Saturday, May 10, 2008

On PDFs

Is it just me, or perhaps all of us get this stepped-in-a-pile-of-dog-poop feeling every once in a while whenever we click on a link and it turns out to be a PDF file?

I mean, isn't it nice whenever web site creators think about us, users, and instead of expected and nicely formatted web pages we get awarded by this wonderful clunky, sluggish Adobe PDF plugin that hijacks our browsers, not giving a rat's ass about our preferences for hotkeys, font sizes, having its own idea how to scroll, zoom and search? At least Linux users don't have to suffer from Adobe's bad-ass PDF software: Gnome/KDE come with much nicer, lightning-fast PDF readers that don't feel like they came from Mars. I am using Evince and it's nice: I actually don't mind PDFs anymore.

What's interesting is that I can't even think of a single case whenever the choice of PDF was justified: nope, same shit every time: text with pictures. Yep, something HTML isn't capable of.

Moreover, here is a new kid on the block, now we all need to stare at a flash plugin to get the same text-with-pictures experience. Welcome to Web 2.0 fellas.

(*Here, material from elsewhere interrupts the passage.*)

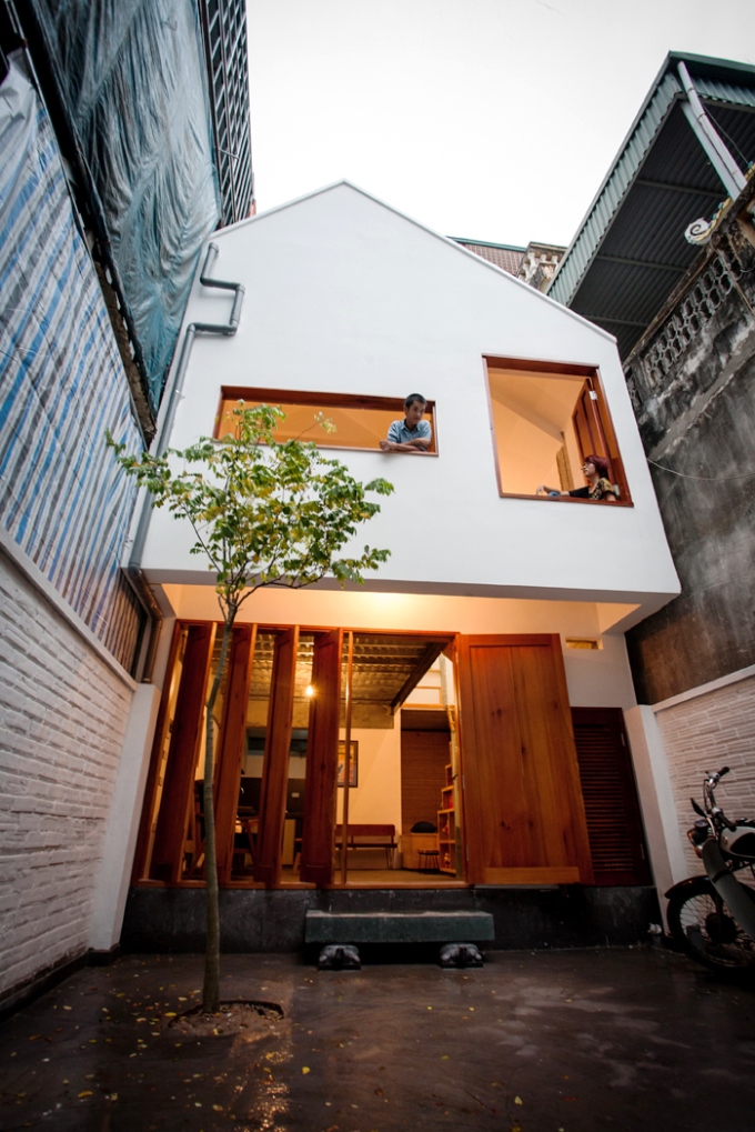 ลักษณะตัวบ้านจะป็นทาวน์เฮาส์สองชั้นตั้งอยู่ในพื้นที่แคบ ตกแต่งบริเวณทางเข้าด้วยหน้าต่างไม้เรียบๆกับพื้นหิน บริเวณชั้นสอง ภายนอกจะเป็นห้องยื่นออกมาโดดเด่นด้วยสีขาวและกระจกใสบานใหญ่สำหรับรับแสงและชมวิว

Scribd is nice as a tool for being able not to care about document format, and I wish they'd allow me to simply view every uploaded document as a proper HTML (as every user would expect), but it is barely usable trapped in Flash: the browser's search doesn't work and even scrolling is painful, while you've got to scroll a lot because you're looking at a document through tiny little hole. Someone joked that using scribd is like a watching a live video of a printed document, except you can tell an operator to move the camera to the next page. But they do allow you to download a document as PDF, which is nice - I can read it in Evince, so Scribd gets my vote: check it out!

Why do content publishers believe that we somehow are dying to print their documents? Come on, what else PDF is good for? Dudes, please stick to HTML. It's gotten a lot nicer since 96. And no, I won't be printing or keeping a copy of your booklet/article/whitepaper, but for those five people who will, just have small but gorgeous links on a side: "print" and "PDF", ok? Thank you.